Working on happiness

“My only wish is for her to be happy!” That is usually a good starting point – if it is serious, and not an excuse for doing dumb things. Some practice and self-reflection may be needed to get it right.

From time to time I wish there was some way to transfer happiness. It is not that I particularly want to be less happy, but there are people I consider friends (or nearly so) who occasionally seem quite unhappy. I don’t mean the kind of happiness you can transfer with a smile or a few cheerful words. That would not be enough in these cases. People who are chronically bored, or angry for reasons they either don’t quite know or think they can do nothing about, or who just find life meaningless and humans disappointing.

There are many conditions that fall under the umbrella of “unhappiness”. And there are many of them I can do little about. In the past, I would buy small things to my student friends:  Books, CDs, DVDs, perhaps clothes or stuff for the house. I hoped this would cheer them up, and I guess for a while it did. But now they earn more than I do, many of them, but they are still not happy. What can I do about it now?

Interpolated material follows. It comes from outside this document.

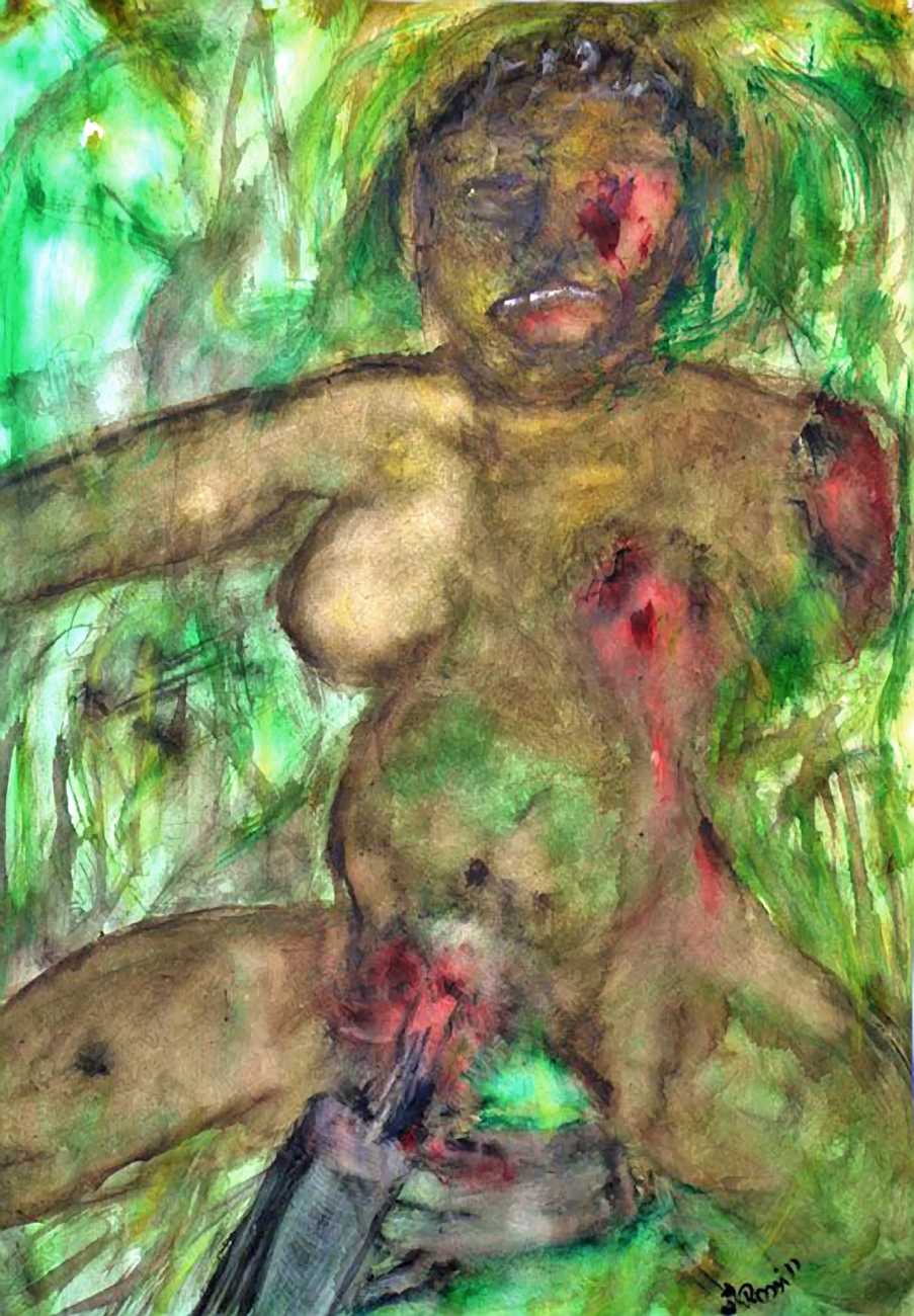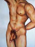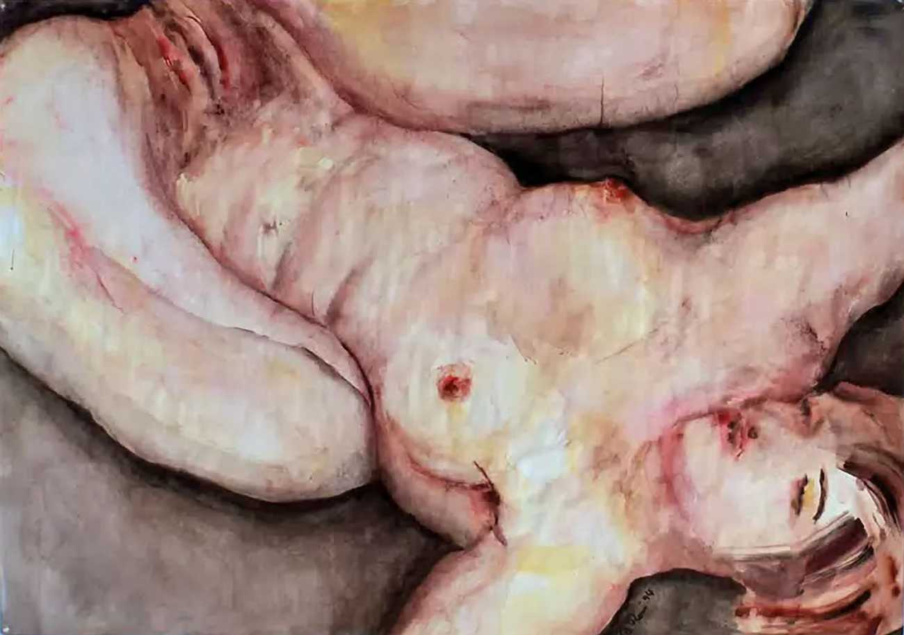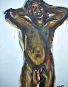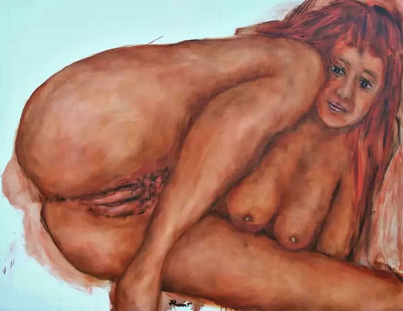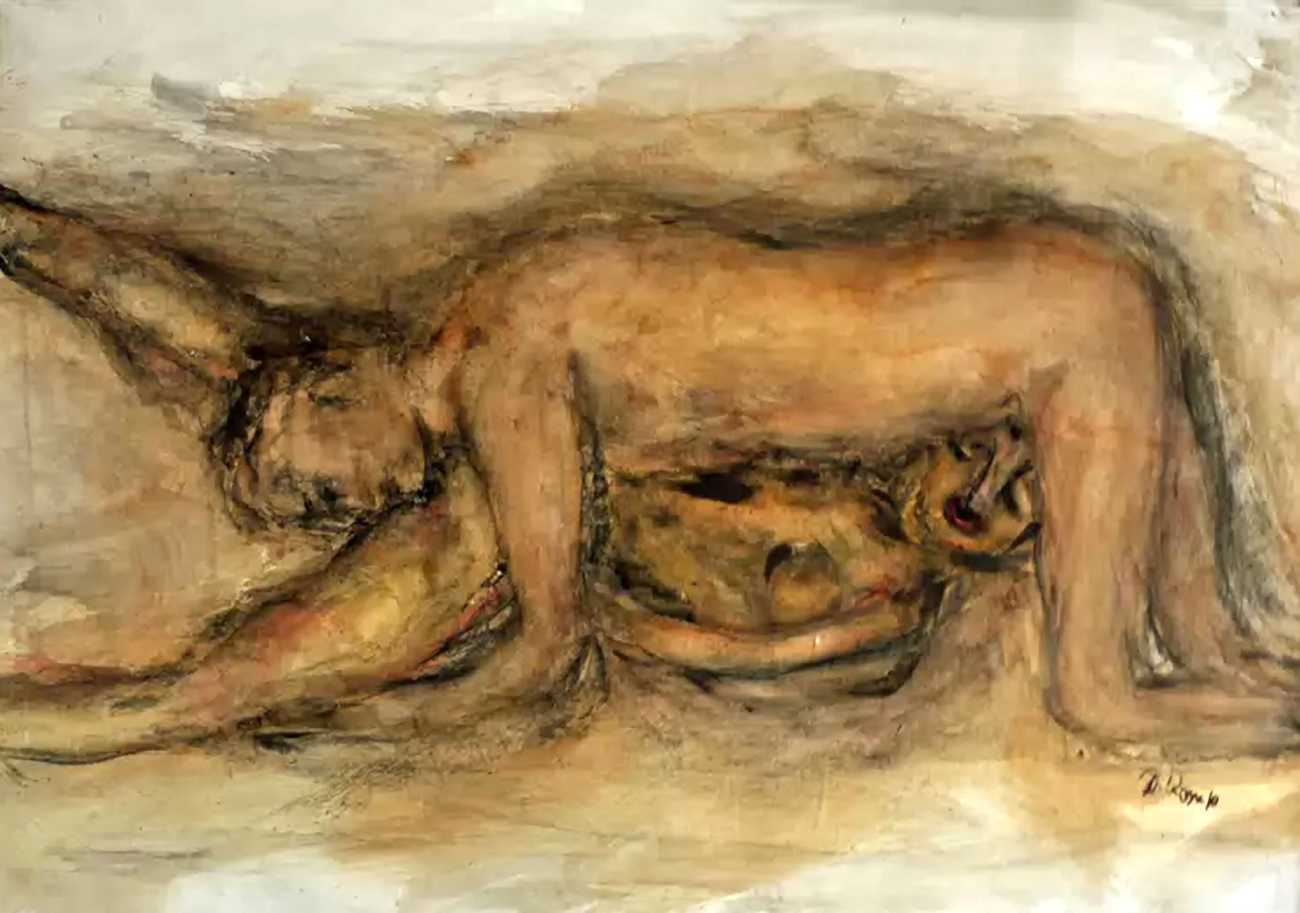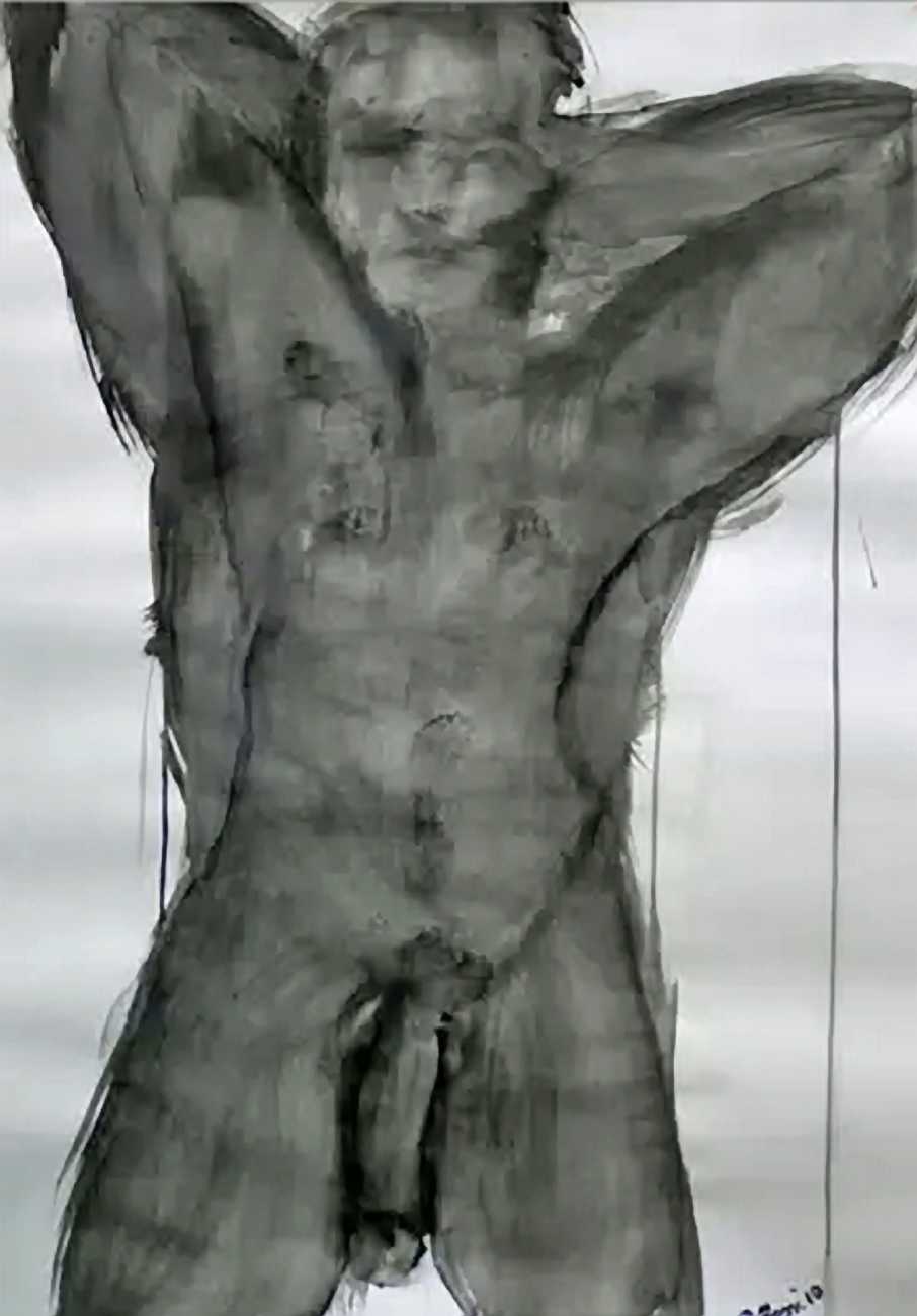 Possibly half of Rossi’s paintings are of naked human bodies, portrayed boldly, colourfully, and often displaying their sex for all to see. He explores the whole gamut of raw human experience, from warmth and pleasure to bondage and humiliation. Human sexuality for Rossi cannot be separated from our animal physicality; it has little to do with conventional beauty, but his very directness offers a certain quality of corporeal reality – tender, exposed, complex, chaotic – with which anyone who has experienced true sexual passion can identify.
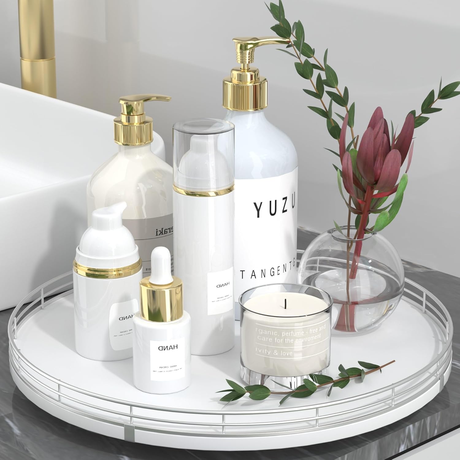 - ๐ ๐๐น๐๐ถ-๐ฃ๐๐ฟ๐ฝ๐ผ๐๐ฒ ๐จ๐๐ฎ๐ด๐ฒ: Perfect for a wide range of occasions and spaces. Whether used as a centerpiece table decorations, a vanity tray in your bathroom, or condiment organizer on your kitchen, this versatile round tray adapts to your needs in any room

The fact is, happiness is one of those things you can’t just transfer, it is like strength or health. If you are strong and someone else is weak, you can give them a helping hand, but you cannot give them your actual strength. At best you can teach them exercises that will make them strong, but chances are they already knew that but for various reasons never did them, or did not benefit as much from them as you.  (And of course, a lot of people give up if they don’t become as strong as you within a month or two.)

The same goes for health:  If you want to make others healthy, you have to encourage them to do their own healthy living. And even then it is not a sure thing. A few people may be born with weak health, and for some of the rest it may already be too late. But it is still the best we can do, set an example with our own healthy living. If any.

(On that note, I am back to quick walking an hour or more most days again, including this weekend. If a legendary lazy person like me can do it – and I call on my three brothers as witness to my extraordinary laziness – then it is hard to imagine who can not, unless they already have one foot in the grave and the other is amputated. Anyway, walking is not only good for your body but also for your psyche. It reduces stress and gives you time to defragment your brain.)

But basically, happiness is one of those things that work like that. You have to build up your own, because you cannot just take it from another. And that is a fact: You cannot take happiness from another. Obviously you cannot steal it, any happiness you gain from putting others down is sure to fly away faster than a bird on the window sill. But you cannot even receive it. Rumor has it that many people in America think their spouse will make them happy. I am sure there are joys to be had in marriage, but the deep happiness is not something that comes from another. Even if you think so, you are not looking closely enough. Other people may be part of a greater framework that supports your happiness, but the happiness itself must come from within. That is the nature of happiness. It is not something that is done to you.

So in the end, we both have to work on our happiness. There is no way around that.

But would you that, if you could? There are those who feel they should not be happy. Perhaps they have been told so in the past. Or perhaps they have been happy, but then something horrible happened, and they associate the sudden fall into tragedy with the happiness they had before. “If you are never happy, you can never lose your happiness.” And that is true enough, but it is hopeless truth. If you are always sick, you cannot lose your health, but it is better to be healthy even half the time than none of the time, right? It is like that with happiness too.

Unless you are very extraordinary, you will not be able to experience unbroken happiness for the rest of your life. There will be events that lend a tinge of sadness to your life for a while. You will not be ecstatically upbeat, at least, even if you generally wake up grateful each day. But even for an ordinary person, happiness can be built up, and start to take hold, take over more and more of your life. This is definitely the truth. A level of happiness that seemed extraordinary when you were young, may become the norm when you are 50. That is worth a bit of self-reflection and taking responsibility, don’t you think?